However, the most recent discovery concerned control of the HIFU excitation signal. The UTINAM institute has developed a technique able to either strongly enhance or quench the cavitation activity of the HIFU by sweeping frequency (wobbling) [27]. It was shown that, irrespectively of the frequency gap, it is the direction and, to a lesser extent, the frequency sweep rate which govern light production by both sonoluminescence and sonochemiluminescence.
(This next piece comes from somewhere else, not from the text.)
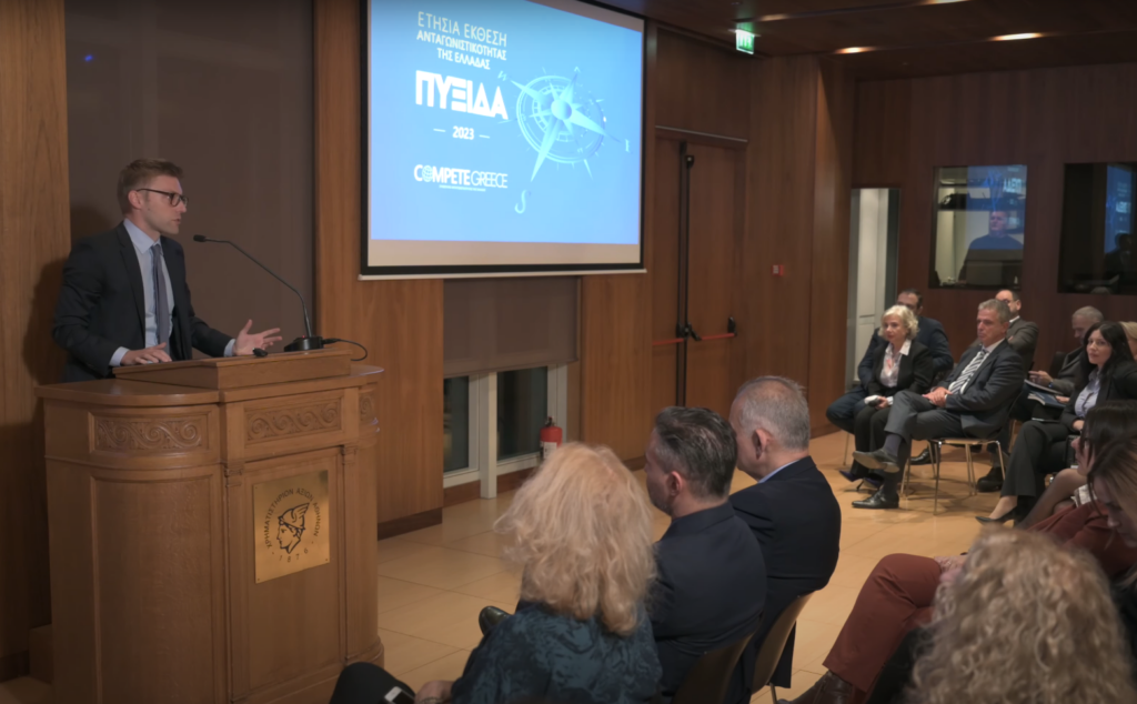 - Ομιλία στο Συμβούλιο Ανταγωνιστικότητας (7.12.2023) Χαίρετε και σας ευχαριστώ πολύ για την πρόσκληση σε μια εκδήλωση με τόσο ενδιαφέρον θέμα. Και είναι ιδιαίτερα ενδιαφέρον γιατί μπορεί να μιλάμε συχνά για ανταγωνιστικότητα, όμως σπάνια αναφερόμαστε πιο αναλυτικά στις επί μέρους διαστάσεις της. Και αυτό ακριβώς είναι που κάνει η συγκεκριμένη Έκθεση. Διότι μεταξύ άλλων συγκεντρώνει ένα ευρύ φάσμα σχετικών δεικτών που παρέχουν μια ολοκληρωμένη εικόνα της εξέλιξης της ελληνικής οικονομίας – τόσο μεμονωμένα όσο σε σύγκριση με το διεθνές περιβάλλον. Και είναι ιδιαίτερα σημαντικό ότι φωτίζει διαστάσεις της ανταγωνιστικότητας που συχνά δεν προβάλλονται ιδιαίτερα. Ενδεικτικά αναφέρω ότι σύμφωνα με τον Renewable Energy Country Attractiveness Index (RECAI) της ΕΥ, τον δείκτη για την ελκυστικότητα της χώρας για επενδύσεις σε ΑΠΕ (προσαρμοσμένο βάσει ΑΕΠ), η Ελλάδα εμφανίζεται πρώτη στον κόσμο. Αυτό νομίζω ότι είναι κάτι που οι περισσότεροι δεν το έχουμε υπόψη μας και σίγουρα δεν είναι κάτι πουθα θεωρείτο ιδιαίτερα πιθανό πριν κάποια χρόνια. ΑνταγωνιστικότηταΣε τι πλαίσιο συζητάμε λοιπόν σήμερα για την ανταγωνιστικότητα; Μια πρώτη προφανής απάντηση είναι ότι οι συνθήκες είναι ευνοϊκές. Η οικονομία εκτιμάται ότι θα αναπτυχθεί με το 2023 με τετραπλάσιο ρυθμό από αυτόν της ευρωζώνης. Οι εξαγωγές μας ως ποσοστό του ΑΕΠ αυξάνονται κατακόρυφα και πλησιάζουν τον ευρωπαϊκό μέσο όρο και έχουμε ρεκόρ στις Άμεσες Ξένες Επενδύσεις οι οποίες διπλασιάστηκαν συνολικά από το 2018 στο 2022, Όλα αυτά είναι δεδομένα καλές εξελίξεις, ειδικά αν σκεφτεί κανείς πού βρισκόμασταν μερικά χρόνια πριν. Δεν λένε όμως ολόκληρη την ιστορία. Διότι η οικονομία μας δεν αναπτύσσεται απλά, αλλά έχει αρχίσει μια διαδικασία μετασχηματισμού. Και αυτό αποτελεί μια σαφή ένδειξη ενίσχυσης της ανταγωνιστικότητας. Κάποιες ενδεικτικές τάσεις: - Η συνεισφορά της βιομηχανίας στο ΑΕΠ της χώρας (σε όρους Ακαθάριστης Προστιθέμενης Αξίας) αυξήθηκε κατά 27% από το 2019 στο 2022.

Indeed, an unprecedented enhancement is observed when frequency is swept in reverse (negative sweep), while a positive sweep results in a quenching of both SL and SCL [27], [30]. Finally, this technique applied to HIFU allows interesting control of cavitation activity in the sonoreactor, thus significantly widening the perspective of ultrasound use at very high frequencies.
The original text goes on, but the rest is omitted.